The weak law of large numbers tells us this: there exists a large number $N$ such that if the number of independent trials $n$ (in this case, the number of times a ball is drawn with replacement) is greater than $N$, the probability that the number of times ball 17 is drawn in the $n$ trials is different than the expected number of draws (i.e., $\frac{n}{54}$) by more than m is less than $\epsilon$.

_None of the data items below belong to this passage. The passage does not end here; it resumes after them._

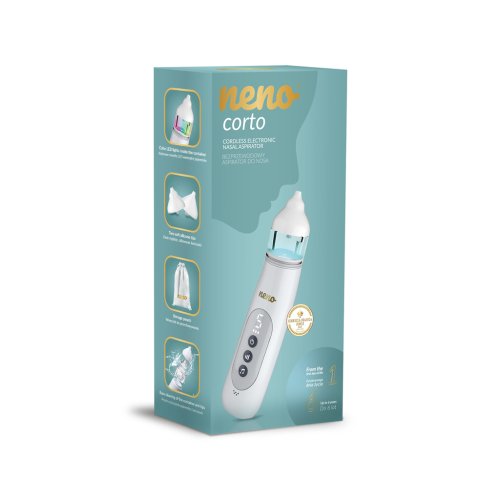 Neno Corto je moderná bezdrôtová nosová odsávačka určená pre dojčatá a batoľatá od narodenia. Je vybavená dvoma mäkkými vymeniteľnými koncovkami a jemne odstraňuje sekréty bez toho, aby dráždila citlivú nosovú sliznicu. Päť úrovní sacieho výkonu umožňuje presne nastaviť sací výkon podľa veku a potrieb vášho dieťaťa, zatiaľ čo farebné LED svetlá a tri melódie pomáhajú rozptýliť vaše dieťa a znižujú stres počas procedúry.
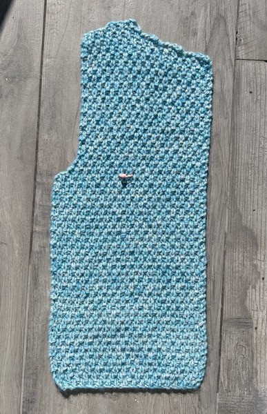 29 steken opgezetten met breinaald 7. Brei in dubbele gerstekorrel steek. Meerder aan beide zijden elke 3 cm , 10 x 1 steek. Dus bij 3, 6, 9, 12, 15, 18, 21, 24, 27 en 30 cm. Bij 36 cm totale hoogte voor het armsgat aan beide kanten 1 x 3 en 2 x 1 steek afkanten. Vervolgens elke heengaande toer aan beide kanten 2 steken samen breien (Voor en na de kantsteek). Aan het begin van de toer brei je 2 steken samen na de kantsteek en aan het einde van de toer haal je 1 steek af, brei je 1 steek en haal je de afgehaalde steek over de gebreide steek, daarna nog de kantsteek breien. Als er nog 19 steken over zijn, aan beide kanten nog 2 x 3 steken afkanten en vervolgens de laatste 7 steken afkanten. Brei nog een mouw.
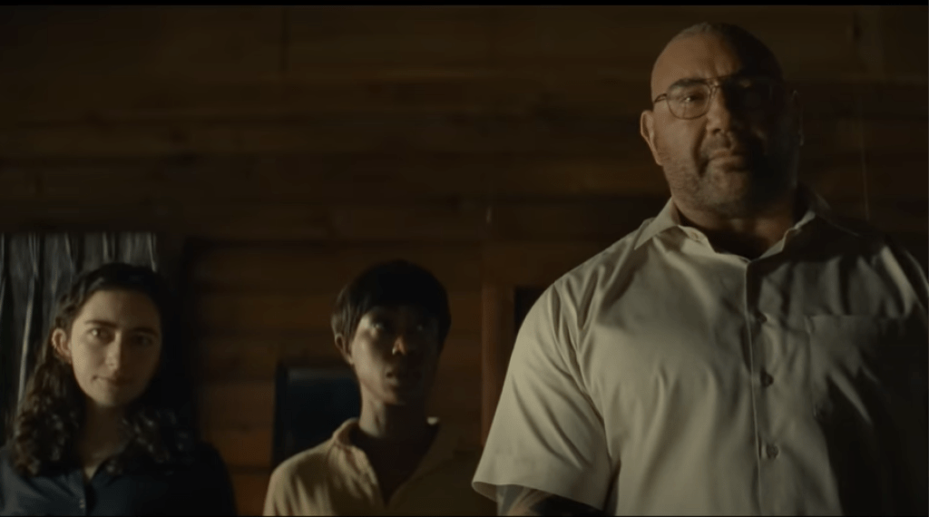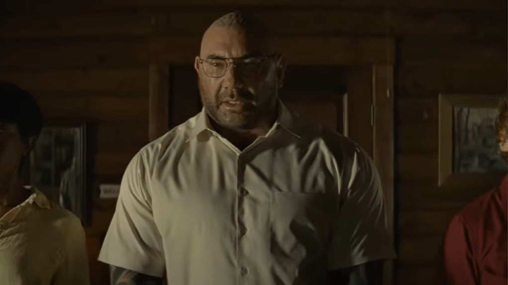 The trailer starts off fun and carefree; we two dads with their daughter cheerfully singing together on their road trip to their cabin destination. Afterwards, we see the family relaxing and enjoying the outdoors, until a stranger (Bautista) introduces himself to the little girl.
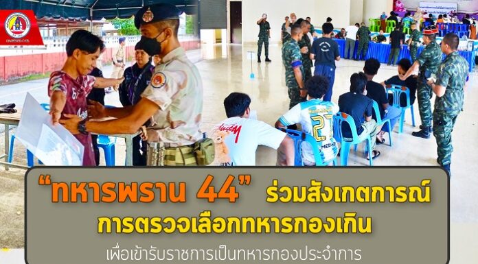 วันที่ 2 เมษายน 2567 พันเอก ภาคภูมิ จันทรักษ์ ผู้บังคับหน่วยเฉพาะกิจกรมทหารพรานที่ 44 ร่วมกับ นายอำเภอกะพ้อ, ส่วนราชการที่เกี่ยวข้อง และผู้นำชุมชนในพื้นที่ อำเภอกะพ้อ จังหวัดปัตตานี เข้าร่วมสังเกตการณ์ และตรวจเยี่ยมให้กำลังใจ ทหารกองเกินที่มารับการตรวจเลือกเข้าเป็นทหารกองประจำการ ประจำปี 2567 และเจ้าหน้าที่คณะกรรมการตรวจเลือกทหารกองเกิน คณะที่ 1 ประจำจังหวัดปัตตานี ในการปฏิบัติหน้าที่ พร้อมเชิญชวนผู้เข้ารับการตรวจเลือกทหาร เข้ามาเป็นครอบครัวเดียวกัน เข้ามาฝึกระเบียบวินัย ความเป็นผู้นำ มีงาน มีรายได้ ต่อยอดโอกาสในการเข้ารับราชการทหารในอนาคต
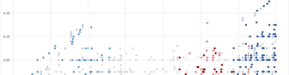With the data of all-time men’s best pole vault I plotted the chart below with the best 4,022 jumps (jumps from 5.80m and above) and their dates, highlighting the jumps by Sergey Bubka, Renaud Lavillenie and Duplantis (dark colour for outdoor vaulting, light colour for indoor).
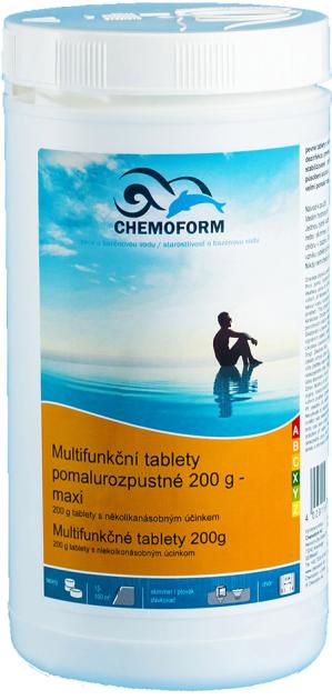 CHEMOFORM Daudzfunkcionālās tabletes Maxi 200g ar daudzpusīgu iedarbību, paredzētas ērtai baseina ūdens uzturēšanai.
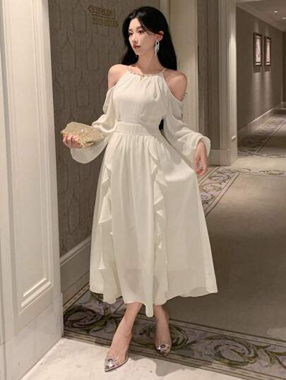 DAZY Women's Solid Color Ruffled Collar Hollow Out Elegant Long Sleeve Dress, Birthday ,New Year Eve Prom Dress,Fall Clothes,Back To School Clothes - White - View 1
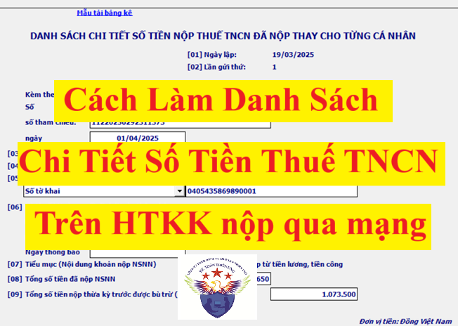 Hướng dẫn cách làm danh sách chi tiết số tiền thuế TNCN đã nộp thay cho từng cá nhân trên phần mềm HTKK để nộp qua mạng
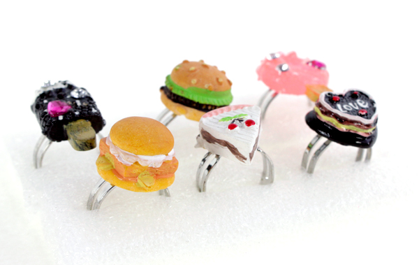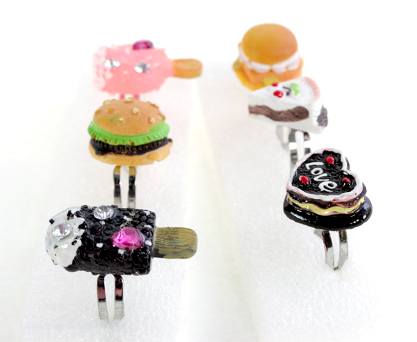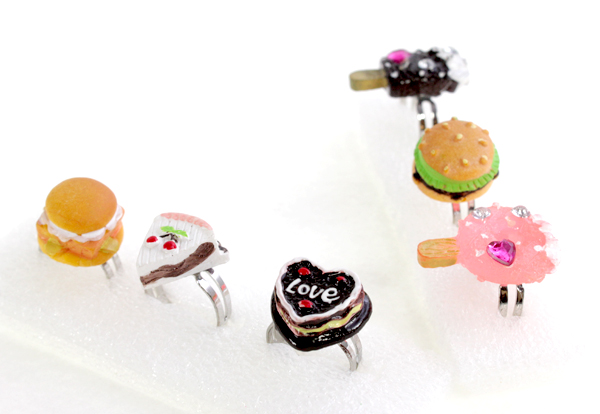 Fingerring mit lustigen Esswaren Sujets: Kuchen, Kuchenstücke, Hamburger, Glacé und Eis.
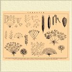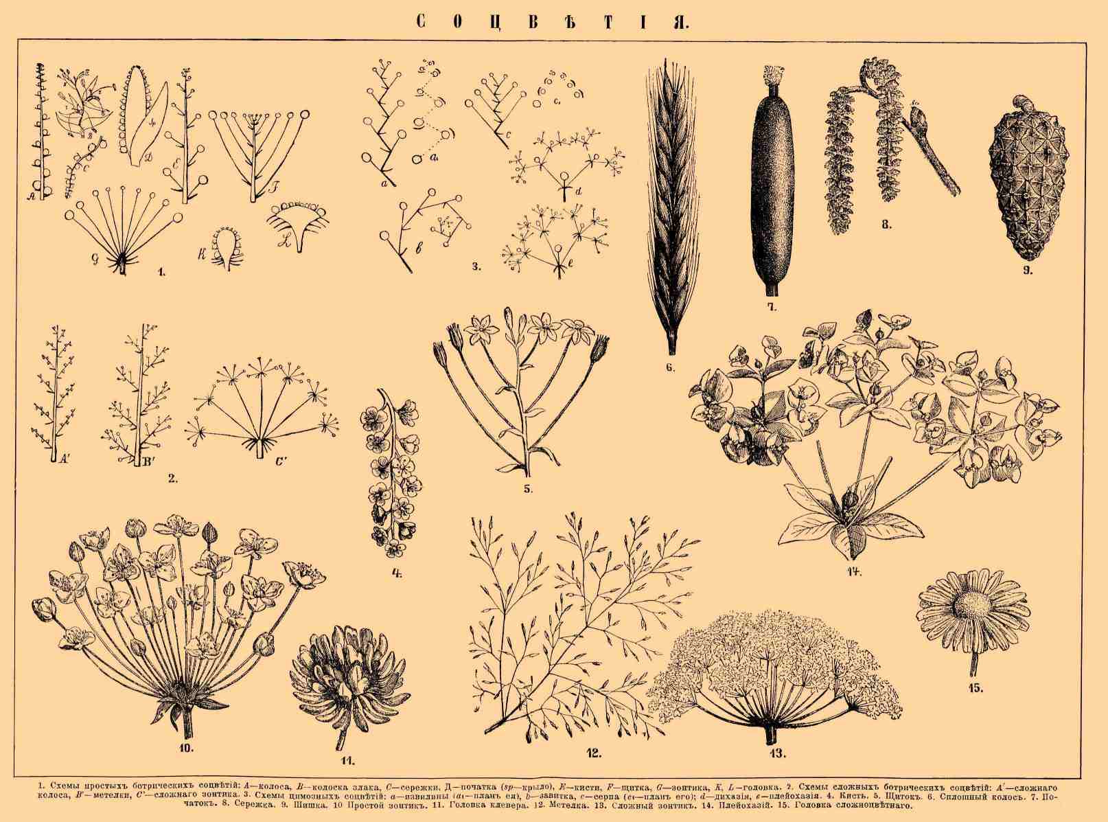 1. Схемы простых ботрических соцветий: A — колоса, B — колоска злака, C — сережки, D — початка (sp — крыло), E — кисти, F — щитка, G — зонтика, K, L — головки. 2. Схемы сложных ботрических соцветий: A' — сложного колоса, B' — метелки, C' — сложного зонтика. 3. Схемы цимозных соцветий: a — извилины (a1 — план ее), b — завитка, c — серпа (c1 — план его), d — дихазия, e — плейохазия. 4. Кисть. 5. Щиток. 6. Сплошной колос. 7. Початок. 8. Сережка. 9. Шишка. 10. Простой зонтик. 11. Головка клевера. 12. Метелка. 13. Сложный зонтик. 14. Плейохазий. 15. Головка сложноцветного.

If we decide to go ahead and perform 54,000 trials, check the counts halfway and notice that ball 17 isn't popping up nearly as many times as one would expect in 24,000 trials (i.e., fell far short of 500), then that's just that. Again in the next 24,000 trials, we expect ball 17 to come up 500 times. What happens in the future is independent of what we saw in the past, so there is no "making up for lost ground effect". Notice that WLLN tells us that for a given $m$ and $\epsilon$, there exists an $N$ such that our prediction that the number of ball 17 draws will be within $m$ trials of the expectation is right at least $100*(1-\epsilon)$% of the time. So to ask if 54,000 trials is large enough to ensure that, first you have to have an $m$ and an $\epsilon$ in mind. Then you can use the fact that the number of draws of ball 17 follows a binomial distribution to figure out what your $N$ should be.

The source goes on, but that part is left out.